The French word chez [ʃe] is used to mean ‘to, at, in or into a home, office etc’. For example, chez moi means ‘at my house’, and chez le dentiste means ‘at the dentist’.
It can also mean ‘to, at or in a country or other place’, e.g. une spécialité bien de chez nous = ‘a true specialty of our country’. In the title of this post I use chez nous to indicate we are in the world of Omniglot.
Other meanings include: ‘in or among a group of people or things of the same type’, e.g. chez les chiens = ‘among dogs’, or ‘in the work of an author or artisit’ – chez Baudelaire = ‘in Baudelaire’s work’ [source].
It has been borrowed into English and just means ‘at the home of’ [source].
Chez comes from the Middle French chez (in the house/home of), from the Old French chies (house), from the Latin casa (hut, cottage, cabin, small farm, dwelling, house), the origins of which are uncertain [source].
The French word case [kaz], which means a box or a square in a board game, and used to mean a hut, cabin or shack, comes from the same roots, as do words like casino in English (via Italian), and casa, which means house in most Romance languages [source].

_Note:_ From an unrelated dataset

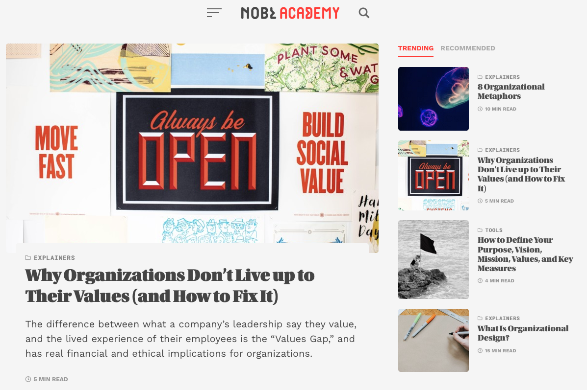 With over 300 tools, frameworks, and case studies, the NOBL Academy offers simple and practical advice for implementing new ways of working. As Editor-in-Chief of the Academy, as well as our acclaimed newsletter, I research, edit, and write on a weekly basis.

Another word for house in Spanish is hogar [oˈɡaɾ], which appeared in my Spanish lessons today and inspired this post. It also means fireplace, hearth, fireside, furnace, home, home life, family life, housekeeping, homeland or household.
Is it used more in some Spanish-speaking countries than in others?
It comes from the Old Spanish fogar, from the Vulgar Latin focāris, from the Latin focus (fireplace, hearth, brazier, house, family), the origin of which is uncertain [source].
Related words in Spanish include hogareño (home, family, fireside; (of a person) home-loving, stay-at-home), hoguera (bonfire, blaze) and hogaraza (large loaf, cottage loaf).
Related words in other languages include focus and foyer in English, words for fire in Romance languages, such as fuego in Spanish and feu in French [source], and a Greek word for brazier, φουφού [fuˈfu], via Turkish and Italian [source].